India losing music genres to Bollywood

IANS   January 28, 2012
First Published: 16:17 IST(28/1/2012) | Last Updated: 18:58 IST(28/1/2012)

Shubha Mudgal is not against Bollywood, but the veteran singer with deep roots in Hindustani classical, says if everyone keeps running after creating masala songs for the Hindi industry, it may well pose a threat to other genres of music specific to Indian culture. “Today we see Bollywood music being played in every household, mostly because it is easily accessible. I have nothing against these songs that even I enjoy. But it would be tragic if we lost out on other kinds of music,  a lot of  which might never come back,” says Mudgal.

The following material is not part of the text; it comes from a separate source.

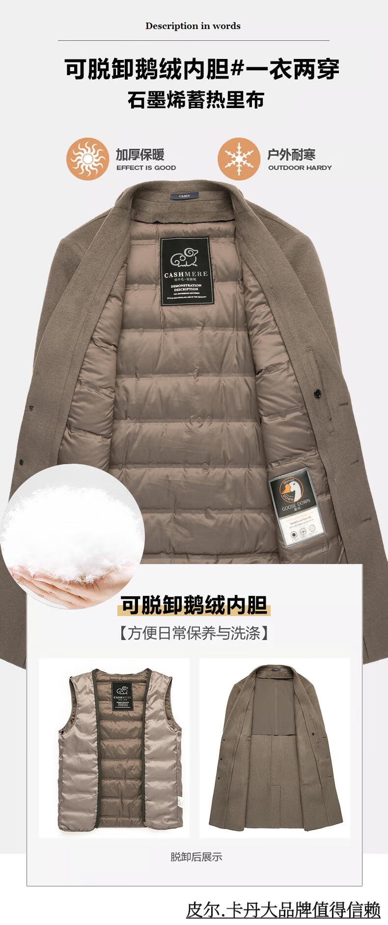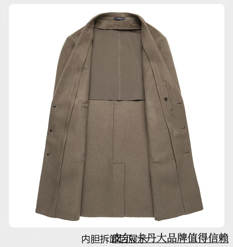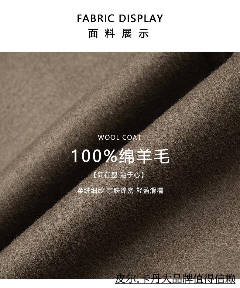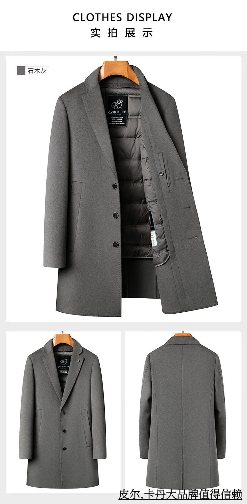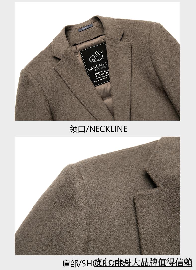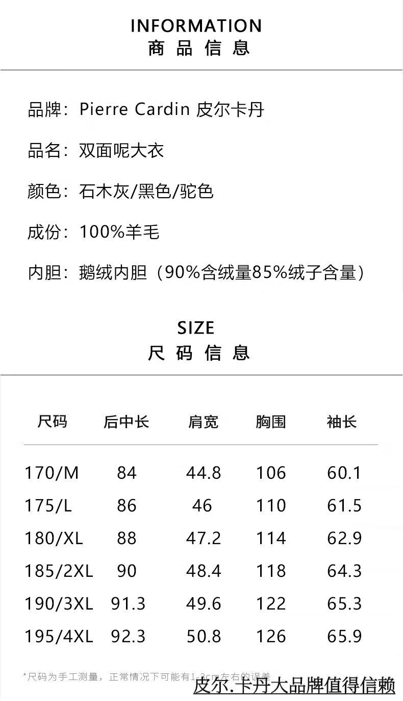 Pierre Cardin high-end double-sided cashmere woolen coat men's mid-length thickened down lining woolen coat men's winter clothing camel 175/92A suitable for 125-145Jin Jin equals 0.5 kg

The 53-year-old singer is trying to do her bit to popularise and preserve the wide variety of musical styles and genres in the country through her festival, Baajaa Gaajaa,  for the past three years. She is gearing up for the fourth edition, to be held in Pune between February 10 and 12.

The festival will see as many as 100 artists from  different genres of music, including  rock, blues, jazz, Hindustani vocal, instrumental music, Carnatic vocal and folk music, from different parts of the country, performing on stage. "There’s a huge variety in Indian music, whether old or adapted, that highlights the diversity in our country. Mostly Bollywood music doesn’t represent the entire spectrum of  Indian music,” she points out.

The magical voice behind chartbusters like Ali Mora Angana, Ab Ke Saawan and Mann Ke Manjeere has kept her presence in Bollywood strictly limited because she doesn't consider herself competent for contemporary songs.

“I’ve sung for Hindi movies occasionally but I should be able to do justice to the songs offered to me. And the kind of songs I like  are not being composed these days,” she rues.

She reasons that if she is trying something that she is not comfortable with, she would fall flat on her face. Mudgal has given playback for films like Laaga Chunari Mein Daag ( 2007) Lajja (2001)  and 1920 (2008). A lover of khayal, thumri and dadra, Mudgal explored Indian pop music in the 1990s in  albums  like Ali More Angana, Ab Ke Sawan, Pyaar Ke Geet and Mann Ki Manjeere. “I don’t agree that pop albums have lost their charm. Just like we have parallel cinema alongside with commercial cinema, there is alternative music industry that is producing, executing material of all kinds.” she says. “There are many people who are coming up original compositions.”